Sula 1965 Summary

  • It's now almost twenty-five years later, and Nel senses how much has changed. She doesn't really know any of the new residents of the Bottom, and she thinks about how "different" the younger generation is (1965.2).
  • It seems she's one of the few remaining people from her era, except for Eva, whom she decides to visit in the senior home one afternoon.
  • Much has changed since Nel has last seen Sula's grandmother. Eva no longer bothers to dress up her one good leg, and she now has "milk-dull eyes" and "floppy lips" (1965.14).
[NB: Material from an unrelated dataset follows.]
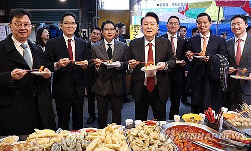 윤 대통령은 기업 총수들에게 직접 빈대떡을 나눠주고, 상인에게 "엄청 맛있습니다"라며 말을 건네기도 했다.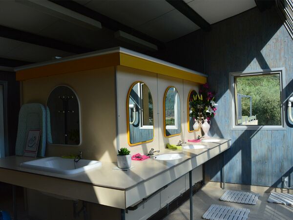 - 4 blocs sanitaires avec : 2 sèche-cheveux, baignoire bébé, table à langer, prises pour rasoirs et portables, eau chaude gratuite, WC, douches

She seems to be suffering from some form of dementia as she stands and irons clothes that aren't really there. But she remembers who Nel is, and their meeting takes a nasty turn.
  • Eva accuses Nel of throwing Chicken Little into the river, and when Nel tries to correct her and tells her that it was Sula, Eva seems in total control of her faculties and says, "What's the difference? You was there. You watched, didn't you? Me, I never would've watched" (1965.35).
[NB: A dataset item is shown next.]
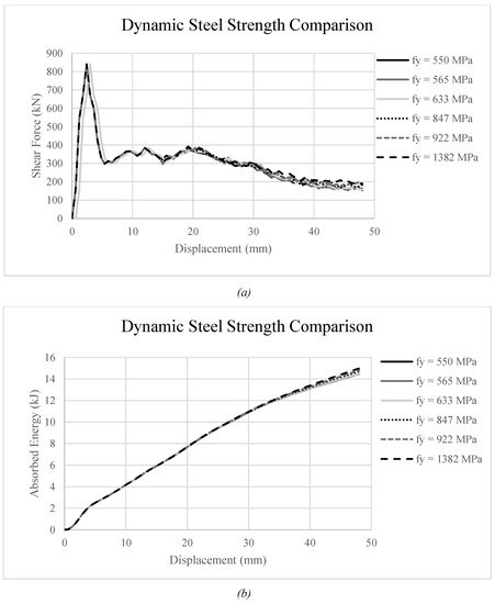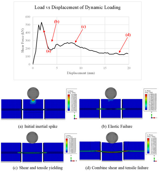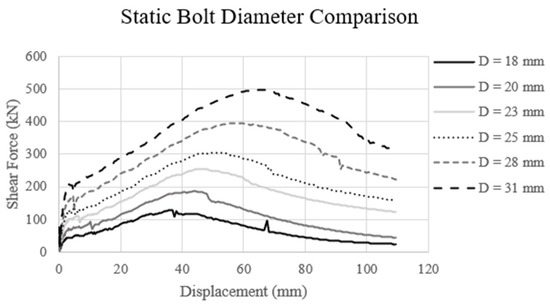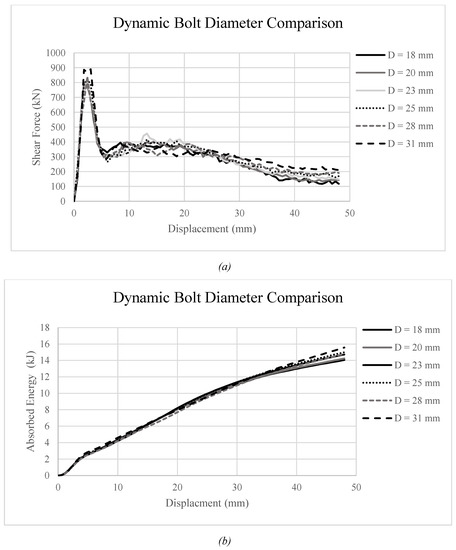 Tahmasebinia et al. (2018) [28] created a double shear test using finite element modelling and expressed the value of ABAQUS’ ability to model many complex interactions and boundary conditions. Mirzaghorbanali et al. (2017) [29] also recognised the advantages of using FEM and conducted a similar double shear test. This study will further the model by investigating the impacts of select parameters on dynamically loaded bolts, with a focus on maximum displacement, shear force and energy absorption. The analysis will examine the bolt diameter, the steel strength, the velocity of the dynamic load cell, and the mass of the dynamic load cell.

  • Nel keeps trying to convince Eva that it wasn't her fault, but Eva won't listen. She starts calling Nel by Sula's name and she declares that there, "Never was no difference between [them]" (1965.49). This obviously upsets Nel, so she leaves quickly, but she can't stop thinking about that day by the river.
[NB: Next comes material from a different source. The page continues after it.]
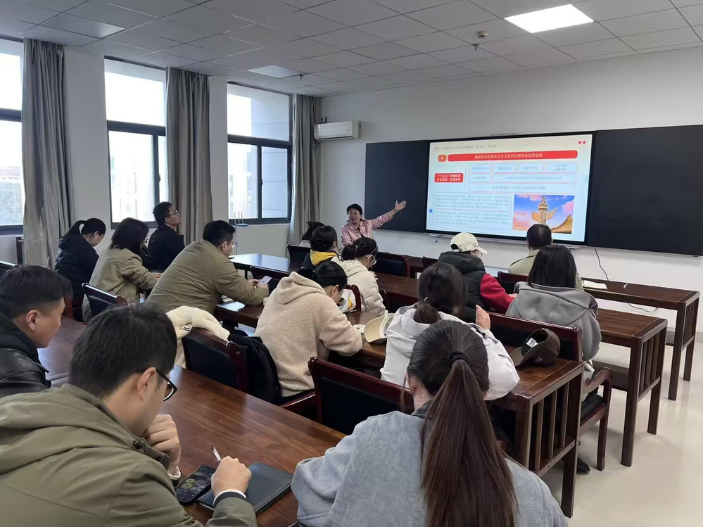 为深入学习贯彻党的二十届四中全会精神,切实把全体教师党员的思想和行动统一到党中央决策部署上来年11月10日,中医药系党支部在远志楼506开展专题党课学习。党支部书记房德芳主讲,中医药系全体教师党员参加学习。

  • And then we learn something surprising: Nel was the one who decided they shouldn't tell anyone what happened. And she's the one who felt "contentment" and "enjoyment" (1965.58) when Chicken Little never came up from the water.
  • Nel makes her way over the "colored part" (1965.59) of the cemetery where Sula is buried.
  • She starts to think about the sad circumstances surrounding Sula's death. She remembers that no one came to view the body, and no one "sen[t] flowers from the church or bake[d] a yellow cake" (1965.63). She remembers being "the only black person" at Sula's burial (1965.65). It wasn't until after the ceremony, "until [after] the white folks left—the gravediggers, Mr. and Mrs. Hodges, and their young son who assisted them" (1965.65) that the townspeople entered the cemetery and sang over Sula's grave.
  • These memories all make Nel very sad for Sula.
  • After leaving the cemetery, she sees Shadrack. He recognizes her but can't quite place her, and he eventually stops trying.
  • As Nel and Shadrack walk away from each other, they both are "thinking separate thoughts about the past" (1965.68).
  • But suddenly, Nel calls out Sula's name and things start to happen around her. "Leaves stirred; mud shifted; there was the smell of overripe green things. A soft ball of fur broke and scattered like dandelion spores in the breeze" (1965.71).
  • Nel finally realizes that it isn't Jude that she's been so sad about all these years; it's Sula. She finally cries the way she couldn't when she found Jude and Sula together. "It was a fine cry—loud and long—but it had no bottom and it had no top, just circles and circles of sorrow" (1965.73).